BEGIN

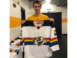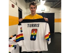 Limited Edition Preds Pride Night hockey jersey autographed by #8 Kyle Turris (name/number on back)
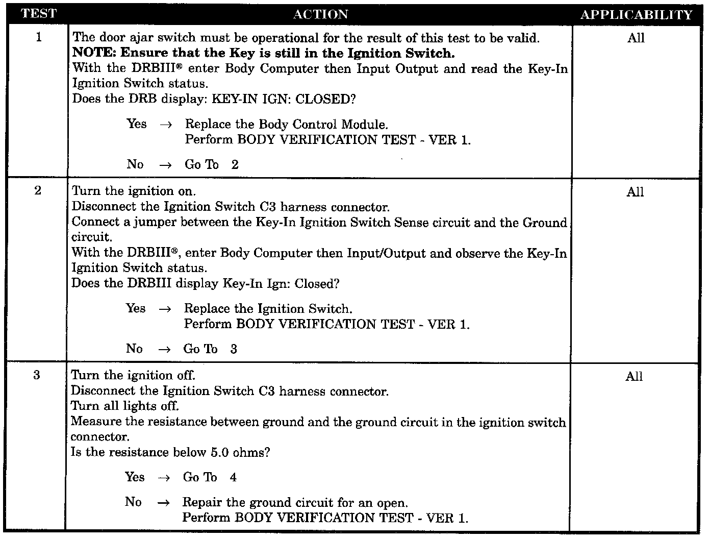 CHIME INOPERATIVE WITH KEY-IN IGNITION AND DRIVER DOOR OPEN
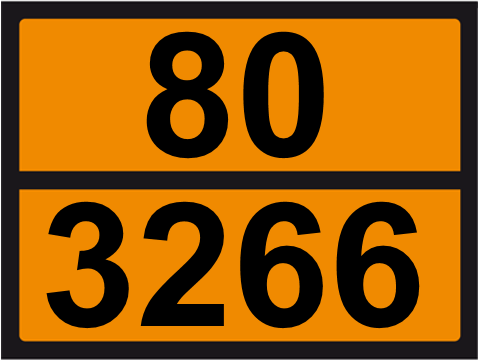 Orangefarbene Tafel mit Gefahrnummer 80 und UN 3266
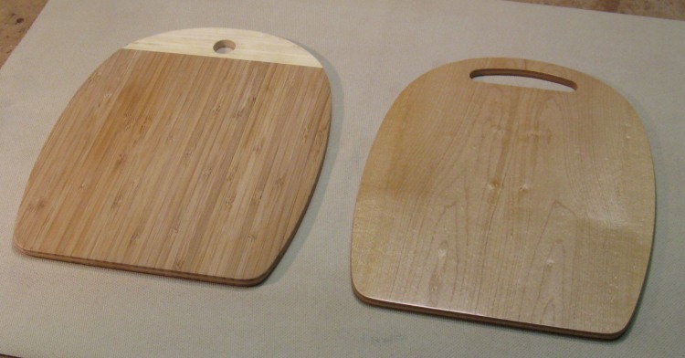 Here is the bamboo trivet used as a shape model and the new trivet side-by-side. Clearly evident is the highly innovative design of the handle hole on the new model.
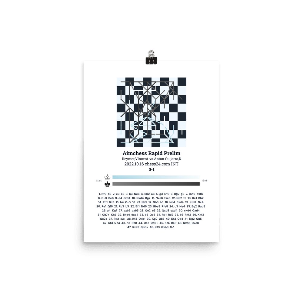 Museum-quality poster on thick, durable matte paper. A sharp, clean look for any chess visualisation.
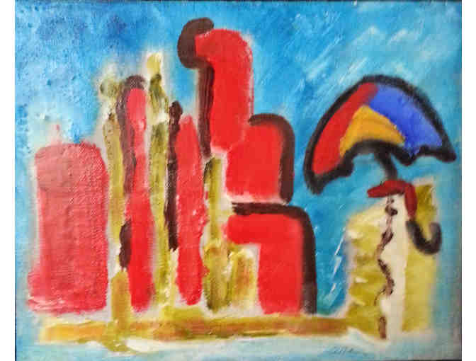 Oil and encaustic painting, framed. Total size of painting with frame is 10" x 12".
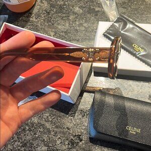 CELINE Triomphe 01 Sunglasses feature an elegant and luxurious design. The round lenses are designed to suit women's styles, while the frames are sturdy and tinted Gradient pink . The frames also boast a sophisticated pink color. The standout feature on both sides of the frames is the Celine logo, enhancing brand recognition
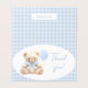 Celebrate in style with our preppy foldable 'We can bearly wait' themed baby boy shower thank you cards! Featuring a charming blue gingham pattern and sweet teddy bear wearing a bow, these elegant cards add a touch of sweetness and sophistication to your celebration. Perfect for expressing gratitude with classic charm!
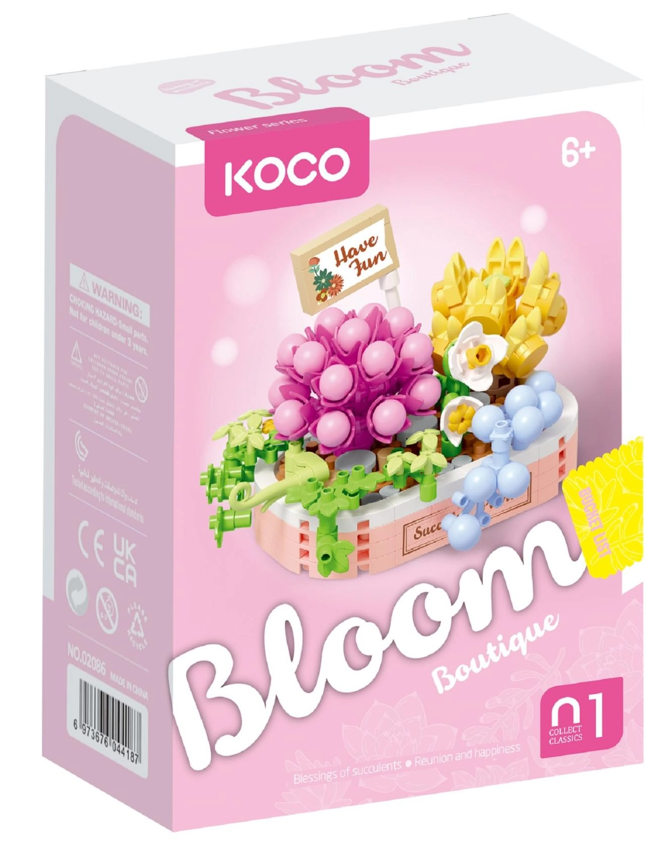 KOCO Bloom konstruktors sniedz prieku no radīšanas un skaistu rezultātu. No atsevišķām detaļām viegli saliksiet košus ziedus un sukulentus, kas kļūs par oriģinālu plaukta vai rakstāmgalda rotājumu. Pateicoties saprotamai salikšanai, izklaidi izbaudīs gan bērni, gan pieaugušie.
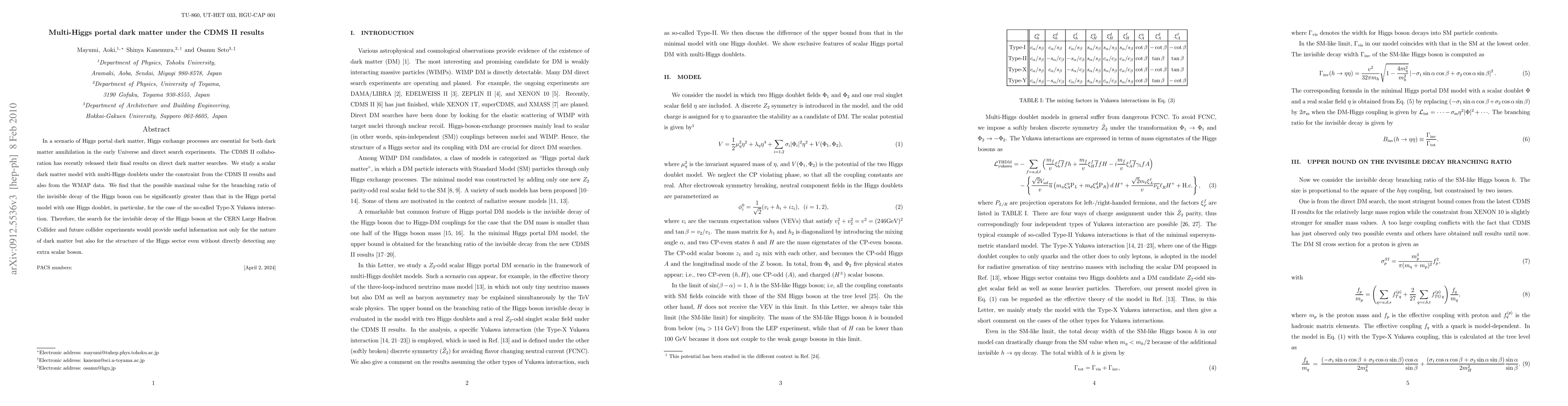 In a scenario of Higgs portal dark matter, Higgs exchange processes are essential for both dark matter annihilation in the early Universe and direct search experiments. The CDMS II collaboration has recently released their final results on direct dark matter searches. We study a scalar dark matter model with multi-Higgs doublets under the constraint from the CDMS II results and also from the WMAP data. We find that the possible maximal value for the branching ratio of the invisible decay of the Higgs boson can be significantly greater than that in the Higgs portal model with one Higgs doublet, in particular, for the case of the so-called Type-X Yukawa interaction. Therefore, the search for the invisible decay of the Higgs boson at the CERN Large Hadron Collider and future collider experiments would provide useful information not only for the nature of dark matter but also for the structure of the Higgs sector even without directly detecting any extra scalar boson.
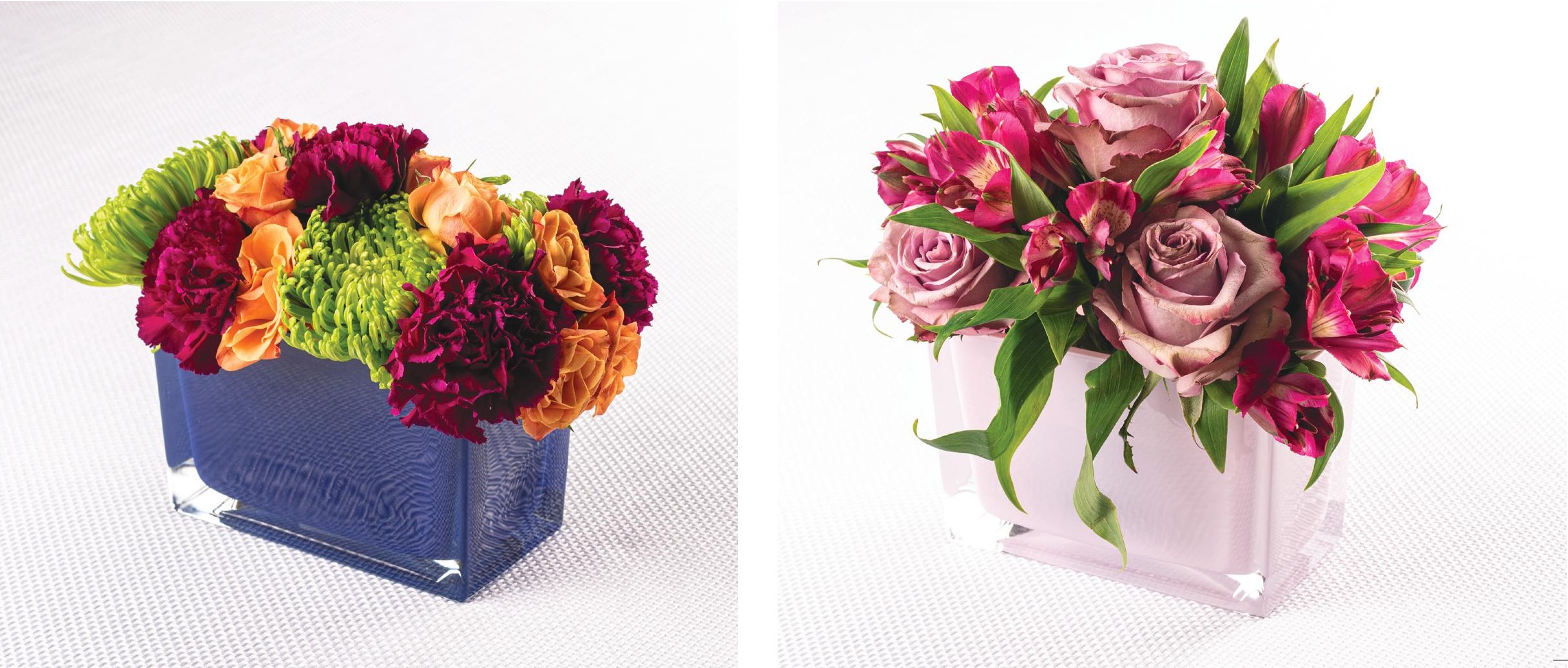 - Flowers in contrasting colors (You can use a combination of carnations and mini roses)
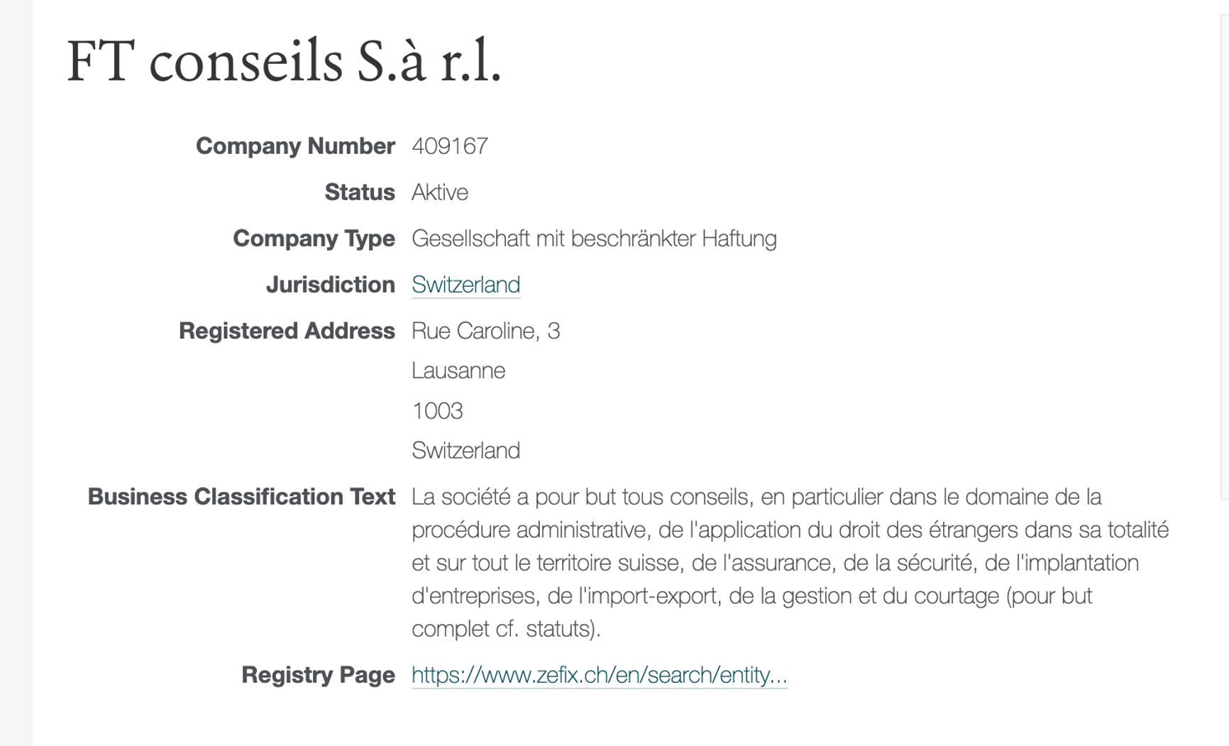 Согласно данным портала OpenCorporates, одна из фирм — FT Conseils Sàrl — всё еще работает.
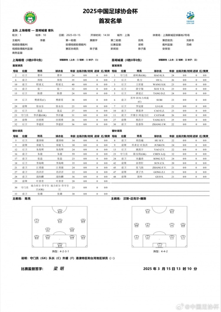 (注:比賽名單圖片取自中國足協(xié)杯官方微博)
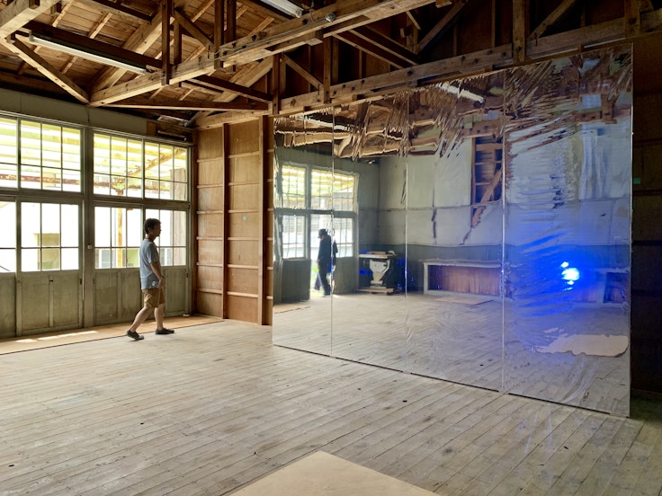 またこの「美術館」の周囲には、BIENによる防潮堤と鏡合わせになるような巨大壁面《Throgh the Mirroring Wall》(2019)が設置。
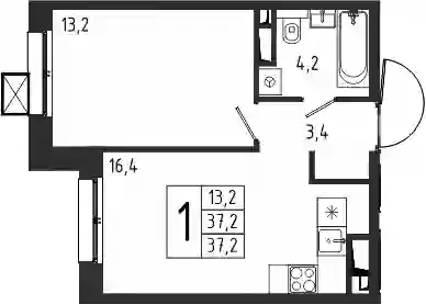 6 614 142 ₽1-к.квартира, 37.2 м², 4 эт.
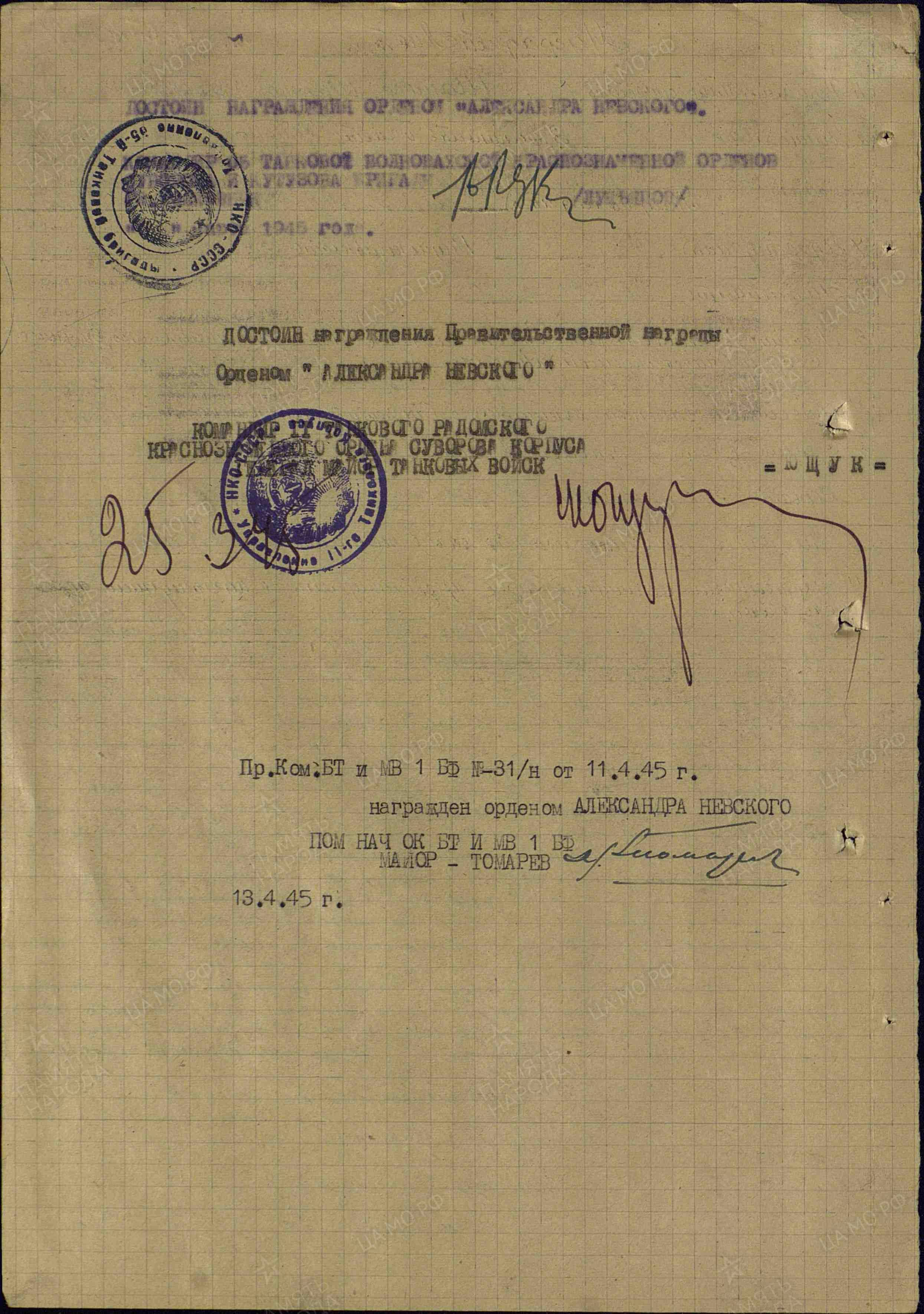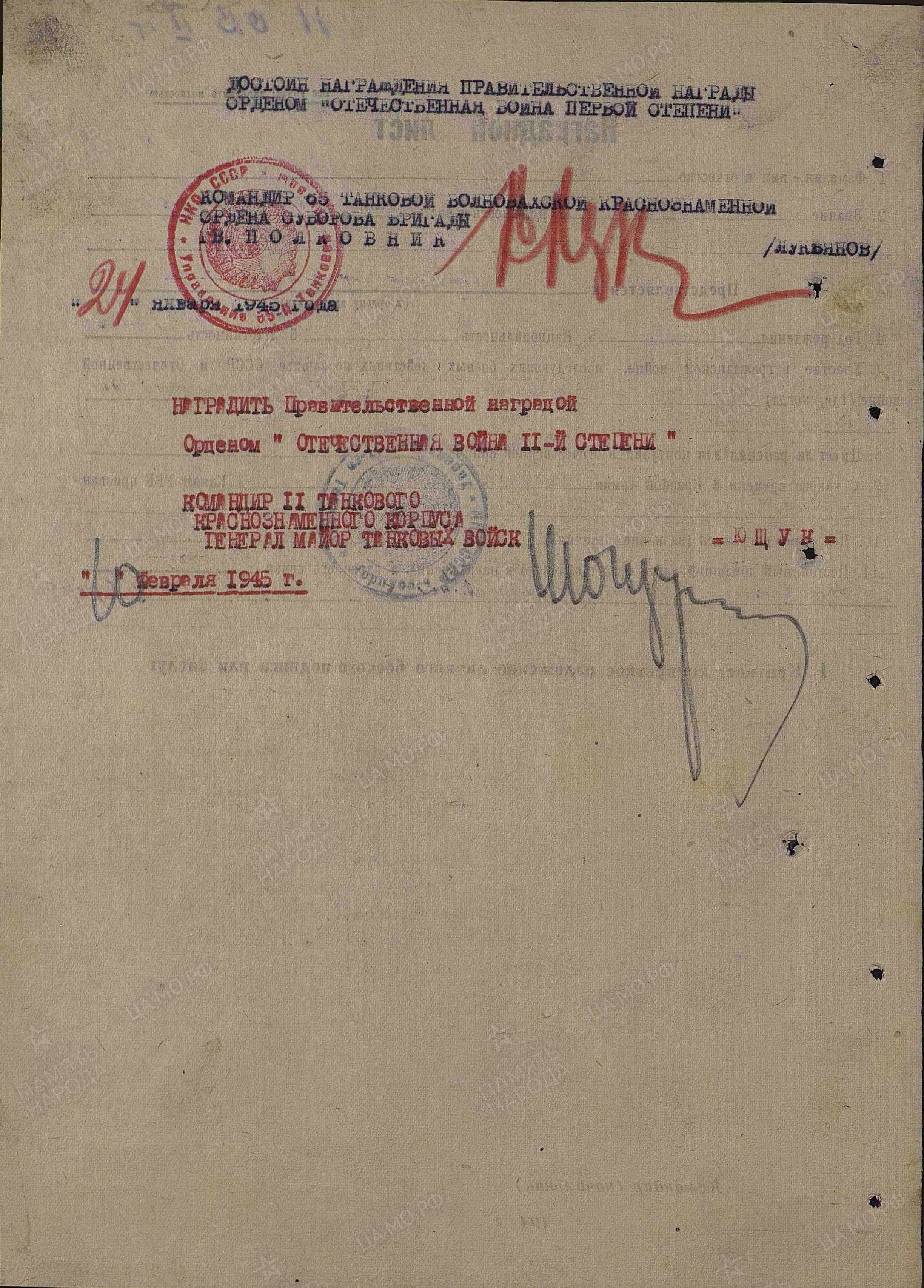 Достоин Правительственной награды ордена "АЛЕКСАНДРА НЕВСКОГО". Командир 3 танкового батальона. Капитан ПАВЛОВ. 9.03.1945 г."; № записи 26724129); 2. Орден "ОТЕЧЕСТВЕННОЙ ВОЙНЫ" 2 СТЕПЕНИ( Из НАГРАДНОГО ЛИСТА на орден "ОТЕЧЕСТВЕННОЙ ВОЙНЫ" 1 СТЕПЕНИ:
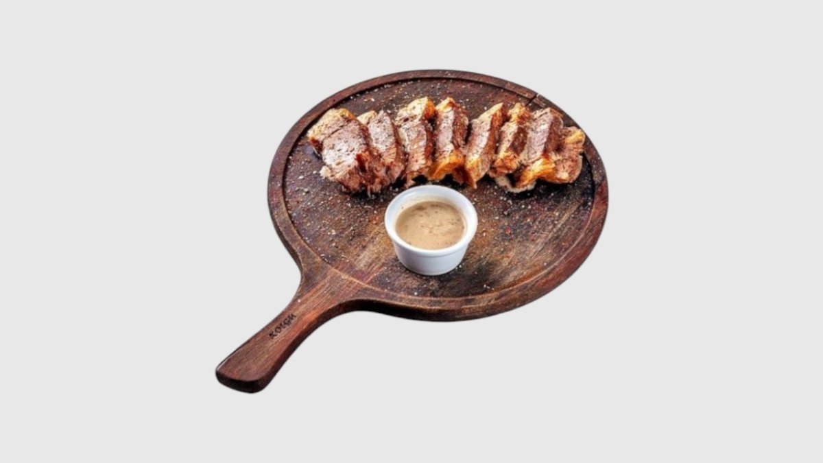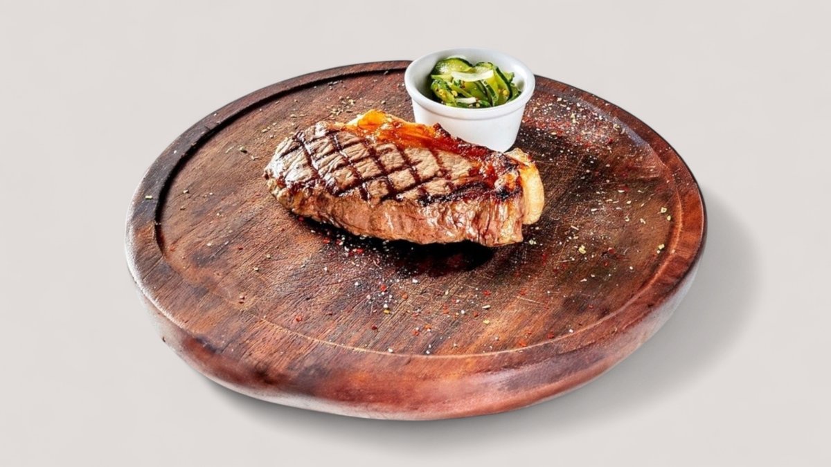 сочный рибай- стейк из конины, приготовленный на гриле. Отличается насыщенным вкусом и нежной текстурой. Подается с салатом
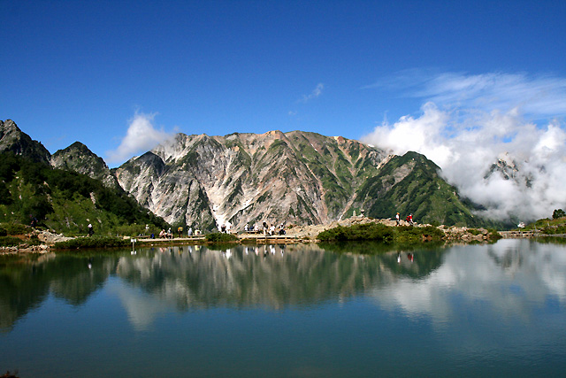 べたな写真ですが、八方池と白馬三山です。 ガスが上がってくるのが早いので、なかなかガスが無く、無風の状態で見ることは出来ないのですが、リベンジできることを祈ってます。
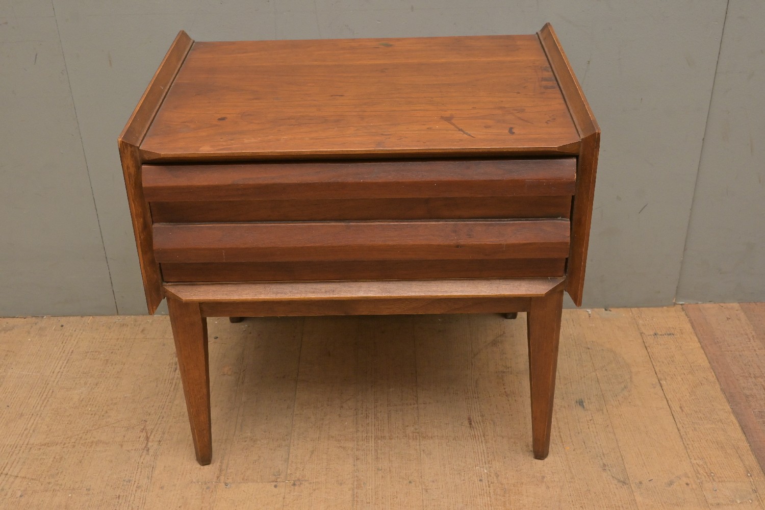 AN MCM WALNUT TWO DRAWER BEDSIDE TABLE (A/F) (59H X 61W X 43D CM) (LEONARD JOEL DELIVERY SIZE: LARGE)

END

▶ **ABOUT THIS TASK**
Start with the line with "CELINE Triomphe 01" in the listing above and stop after the line with "Celebrate in style". Write out exactly the lines in that stretch and no others, without pictures.

▶ **RESULT OF THIS EXERCISE**
 CELINE Triomphe 01 Sunglasses feature an elegant and luxurious design. The round lenses are designed to suit women's styles, while the frames are sturdy and tinted Gradient pink . The frames also boast a sophisticated pink color. The standout feature on both sides of the frames is the Celine logo, enhancing brand recognition
 Celebrate in style with our preppy foldable 'We can bearly wait' themed baby boy shower thank you cards! Featuring a charming blue gingham pattern and sweet teddy bear wearing a bow, these elegant cards add a touch of sweetness and sophistication to your celebration. Perfect for expressing gratitude with classic charm!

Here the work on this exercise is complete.